A dataclass for managing document statistics for BM25 retrieval.

Arguments:

freq_token: A Counter of token frequencies in the document.
doc_len: Number of tokens in the document.

InMemoryDocumentStore

Stores data in-memory. It's ephemeral and cannot be saved to disk.

InMemoryDocumentStore.init

def __init__(bm25_tokenization_regex: str = r"(?u)\b\w\w+\b",
             bm25_algorithm: Literal["BM25Okapi", "BM25L",
                                     "BM25Plus"] = "BM25L",
             bm25_parameters: Optional[Dict] = None,
             embedding_similarity_function: Literal["dot_product",
                                                    "cosine"] = "dot_product",
             index: Optional[str] = None,
             async_executor: Optional[ThreadPoolExecutor] = None,
             return_embedding: bool = True)

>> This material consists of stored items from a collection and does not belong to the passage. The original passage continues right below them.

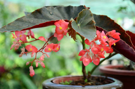 Close up of delicate small red begonia flowers with fresh green leaves in a pot in a garden in a sunny summer day, perennial flowering plants in the family Begoniaceae, vivid floral background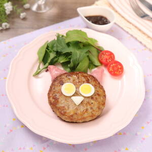 <7>のハンバーグに猫の耳や顔になるようにローストビーフとうずらの水煮を盛りつける。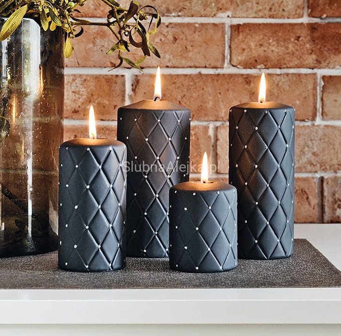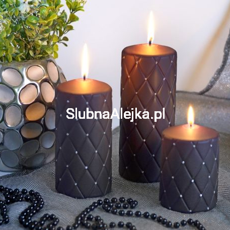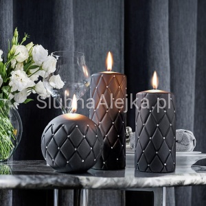 Wytworna świeca zdobiona małymi cyrkoniami. Świetnie nadaje się do aranżacji zarówno dużych sal, jak i małych przestrzeni, gdzie łatwo dobrać pasujące do siebie elementy dekoracji. Bardzo efektownie prezentuje się w zestawieniach po trzy lub pięć sztuk. Piękne podstawki z naszej oferty podkreślą efekt i sposób ich prezentacji.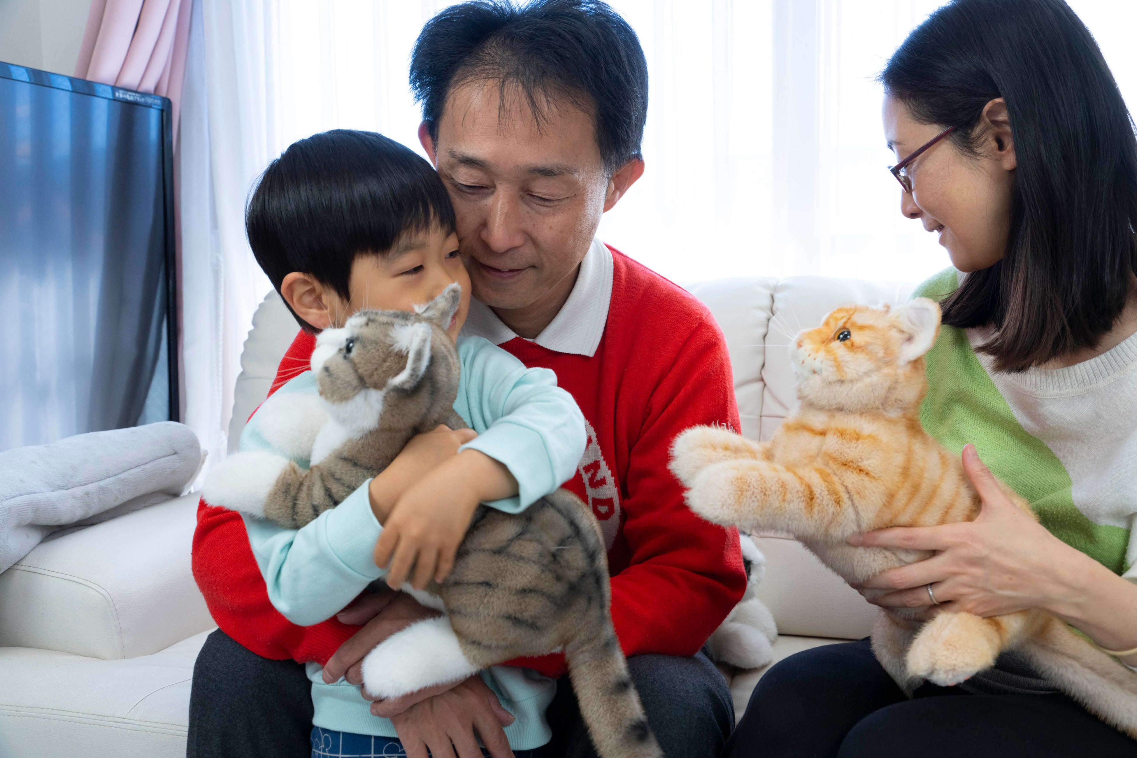 開発上のこだわりポイントとしては、撫でると鳴くセンサーを、のど・頭・背中・しっぽに配置しました。サラサラの生地は手触りも良く、リアルな柄はスプレーの手塗で再現しています。、撫でると猫の声で鳴くので、まるで本物の猫と、一緒に暮しているような体験ができます。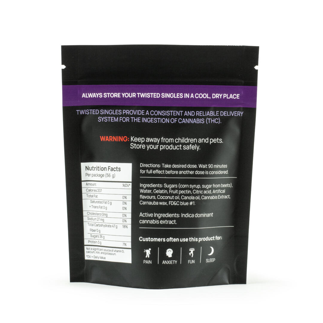 TWISTED SINGLES – Sour Blue Raspberry Indica (160mg)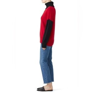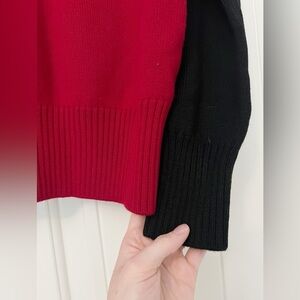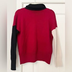 Red, black & white knit (100% Virgin wool). Sweater. Long sleeves. Turtleneck. 27" from shoulder to hemline.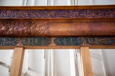 Akasema: “Miongoni mwa kazi ambazo zinakaribia kuisha pia ni ufito wa maandishi ya shairi lisemalo (Ewe bwana wa mabwana ewe mtoto wa Mstwafa.. ewe hoja ya Mola kwako dahari imetosheka), nalo ni miongoni mwa mashairi yaliyo andikwa na Ali Swafaar Karbalai msaidizi wa makamo katibu mkuu wa Atabatu Abbasiyya, juu ya kila dirisha kuna ubeti mmoja, pamoja na ufito maalum wa maandishi ya Quráni yaliyo andikwa aya isemayo (Allah ni nuru ya mbinguni…) hadi: (…na likatajwa humo jina lake, vinamtakasa humo asubuhi na jioni), unao fuatiwa na ufito wa mapambo wenye urefu wa (m3.80) na kimo cha (sm32) ulionakishiwa mapambo ya mimea na mstari wa aya ya Quráni kazi ambayo pia inakaribia kukamilika”.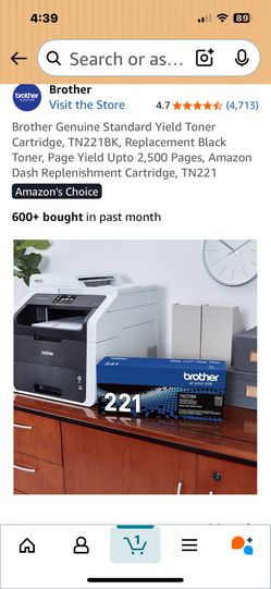 Brand New - Unopened! Brother Genuine Standard Yield Toner Cartridge, TN221BK, Replacement Black Toner, Page Yield Upto 2,500 Pages, Amazon Dash Reple$44Phoenix, AZ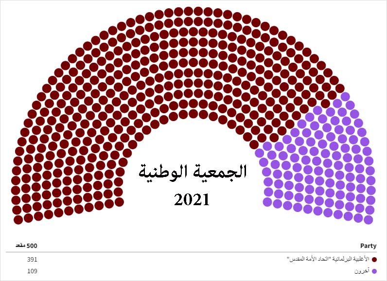 شكل (7) الجماعات السياسية في الجمعية الوطنية، بعد إعادة تشكيل الأغلبية البرلمانية 2021م (من إعداد الباحث)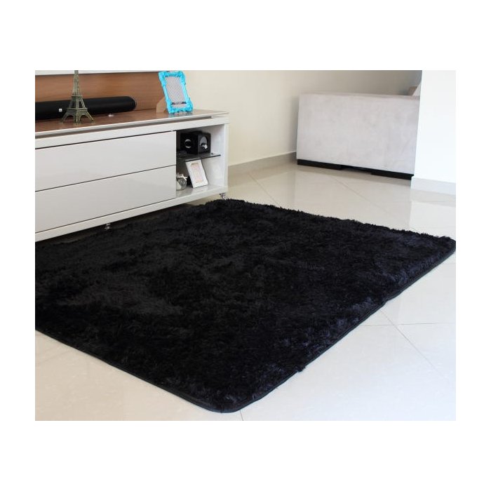 Tapete Felpudo Preto Liso - 2,00x2,00 (Pelo Alto Costa Oro)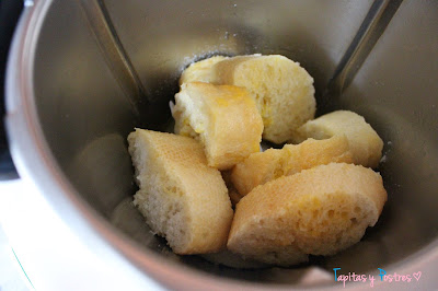 Cortamos el pan a rodajas y lo ponemos en el vaso de la thermomix o de la batidora que vayamos a usar, junto al zumo de naranja, el ajo y la sal. Trituramos 30 segundos a velocidad 5. Bajamos los restos de las paredes del vaso hacia abajo.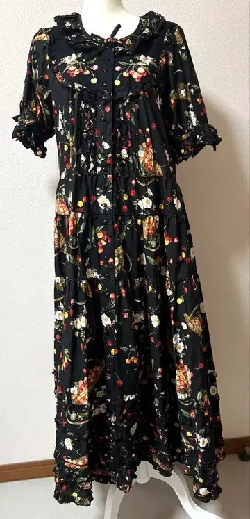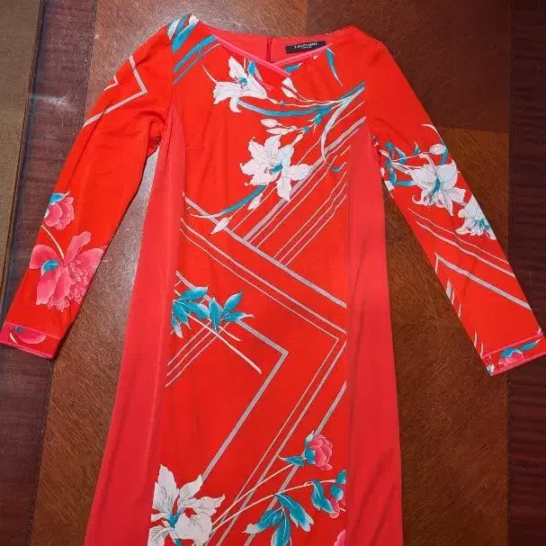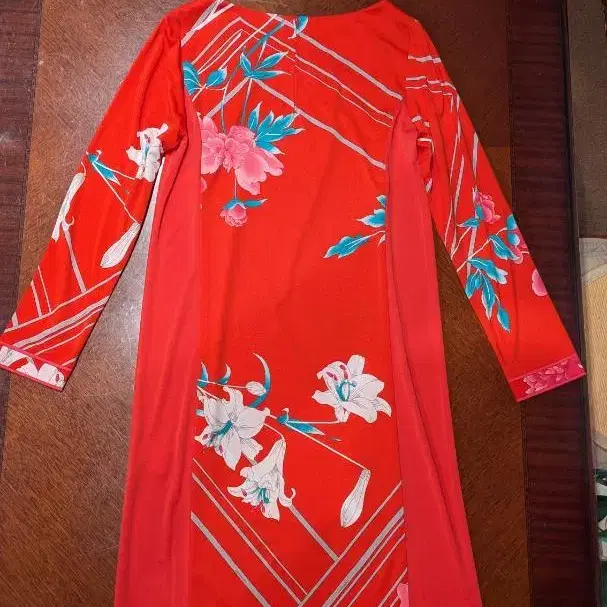 자동 번역되었어요. 원문보기선명한 빨간색에 꽃무늬 디자인이 특징인 긴팔 칸칸 소재 원피스.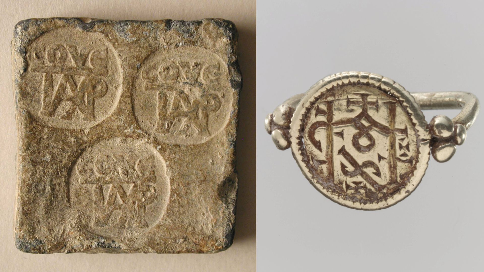 Antiquite monogram on lead ingot ("city eparchy", 6th century, 80 g). Merovingian ring in electrum (mix of gold and silver), 7th century, north of France.

Initializes the DocumentStore.

Arguments:

bm25_tokenization_regex: The regular expression used to tokenize the text for BM25 retrieval.
bm25_algorithm: The BM25 algorithm to use. One of "BM25Okapi", "BM25L", or "BM25Plus".
bm25_parameters: Parameters for BM25 implementation in a dictionary format. For example: {'k1':1.5, 'b':0.75, 'epsilon':0.25} You can learn more about these parameters by visiting https://github.com/dorianbrown/rank_bm25.
embedding_similarity_function: The similarity function used to compare Documents embeddings. One of "dot_product" (default) or "cosine". To choose the most appropriate function, look for information about your embedding model.
index: A specific index to store the documents. If not specified, a random UUID is used. Using the same index allows you to store documents across multiple InMemoryDocumentStore instances.
async_executor: Optional ThreadPoolExecutor to use for async calls. If not provided, a single-threaded executor will be initialized and used.
return_embedding: Whether to return the embedding of the retrieved Documents. Default is True.

InMemoryDocumentStore.del

def __del__()

Cleanup when the instance is being destroyed.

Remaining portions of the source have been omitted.